WHAT THE EXERCISE ASKS:
Repeat the lines below exactly as written, please, from the line with "Il Circolo Fotografico" to the line with "Очередной загон нам", both lines included, and no others.

━━━ TASK DATA

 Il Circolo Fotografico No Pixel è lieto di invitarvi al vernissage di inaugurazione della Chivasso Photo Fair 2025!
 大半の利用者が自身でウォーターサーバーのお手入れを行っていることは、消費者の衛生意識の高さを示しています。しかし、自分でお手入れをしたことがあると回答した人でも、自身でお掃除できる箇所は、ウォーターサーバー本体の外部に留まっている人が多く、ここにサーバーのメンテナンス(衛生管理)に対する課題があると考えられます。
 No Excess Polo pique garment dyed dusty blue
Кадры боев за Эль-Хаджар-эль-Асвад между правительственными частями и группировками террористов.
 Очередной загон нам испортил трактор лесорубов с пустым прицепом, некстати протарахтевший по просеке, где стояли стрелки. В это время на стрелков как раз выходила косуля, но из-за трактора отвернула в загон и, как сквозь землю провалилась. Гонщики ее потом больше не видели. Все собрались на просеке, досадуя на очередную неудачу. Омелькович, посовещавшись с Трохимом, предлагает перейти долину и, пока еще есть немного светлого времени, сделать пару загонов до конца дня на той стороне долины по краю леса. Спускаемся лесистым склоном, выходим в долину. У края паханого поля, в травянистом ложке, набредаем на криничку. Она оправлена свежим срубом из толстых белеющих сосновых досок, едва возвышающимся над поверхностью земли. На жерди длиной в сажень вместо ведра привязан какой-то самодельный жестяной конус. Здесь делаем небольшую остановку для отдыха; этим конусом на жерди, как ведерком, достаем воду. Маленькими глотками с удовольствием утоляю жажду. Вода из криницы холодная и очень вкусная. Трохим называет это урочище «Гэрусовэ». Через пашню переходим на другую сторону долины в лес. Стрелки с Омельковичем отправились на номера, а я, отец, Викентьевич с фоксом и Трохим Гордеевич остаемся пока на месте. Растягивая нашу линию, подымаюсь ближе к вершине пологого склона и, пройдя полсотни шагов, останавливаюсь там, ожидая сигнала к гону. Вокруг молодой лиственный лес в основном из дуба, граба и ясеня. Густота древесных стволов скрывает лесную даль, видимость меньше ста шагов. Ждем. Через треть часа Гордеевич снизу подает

━━━━━━
━━━ TASK DATA

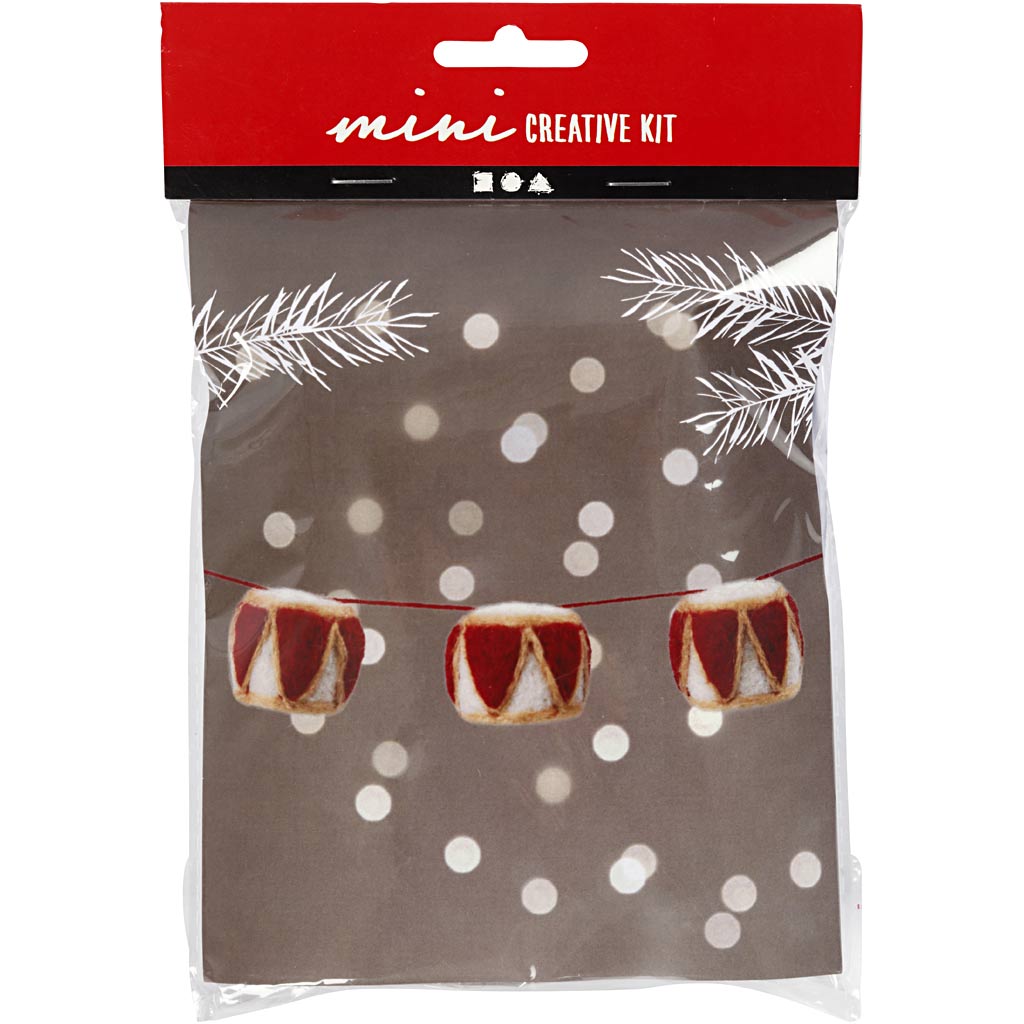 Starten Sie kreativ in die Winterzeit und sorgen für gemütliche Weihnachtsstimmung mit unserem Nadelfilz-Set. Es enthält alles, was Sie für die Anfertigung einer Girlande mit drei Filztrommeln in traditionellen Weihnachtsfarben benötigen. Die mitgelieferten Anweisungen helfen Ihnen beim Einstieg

━━━━━━

SOLUTION TO THIS PROBLEM:
 Il Circolo Fotografico No Pixel è lieto di invitarvi al vernissage di inaugurazione della Chivasso Photo Fair 2025!
 大半の利用者が自身でウォーターサーバーのお手入れを行っていることは、消費者の衛生意識の高さを示しています。しかし、自分でお手入れをしたことがあると回答した人でも、自身でお掃除できる箇所は、ウォーターサーバー本体の外部に留まっている人が多く、ここにサーバーのメンテナンス(衛生管理)に対する課題があると考えられます。
 No Excess Polo pique garment dyed dusty blue
Кадры боев за Эль-Хаджар-эль-Асвад между правительственными частями и группировками террористов.
 Очередной загон нам испортил трактор лесорубов с пустым прицепом, некстати протарахтевший по просеке, где стояли стрелки. В это время на стрелков как раз выходила косуля, но из-за трактора отвернула в загон и, как сквозь землю провалилась. Гонщики ее потом больше не видели. Все собрались на просеке, досадуя на очередную неудачу. Омелькович, посовещавшись с Трохимом, предлагает перейти долину и, пока еще есть немного светлого времени, сделать пару загонов до конца дня на той стороне долины по краю леса. Спускаемся лесистым склоном, выходим в долину. У края паханого поля, в травянистом ложке, набредаем на криничку. Она оправлена свежим срубом из толстых белеющих сосновых досок, едва возвышающимся над поверхностью земли. На жерди длиной в сажень вместо ведра привязан какой-то самодельный жестяной конус. Здесь делаем небольшую остановку для отдыха; этим конусом на жерди, как ведерком, достаем воду. Маленькими глотками с удовольствием утоляю жажду. Вода из криницы холодная и очень вкусная. Трохим называет это урочище «Гэрусовэ». Через пашню переходим на другую сторону долины в лес. Стрелки с Омельковичем отправились на номера, а я, отец, Викентьевич с фоксом и Трохим Гордеевич остаемся пока на месте. Растягивая нашу линию, подымаюсь ближе к вершине пологого склона и, пройдя полсотни шагов, останавливаюсь там, ожидая сигнала к гону. Вокруг молодой лиственный лес в основном из дуба, граба и ясеня. Густота древесных стволов скрывает лесную даль, видимость меньше ста шагов. Ждем. Через треть часа Гордеевич снизу подает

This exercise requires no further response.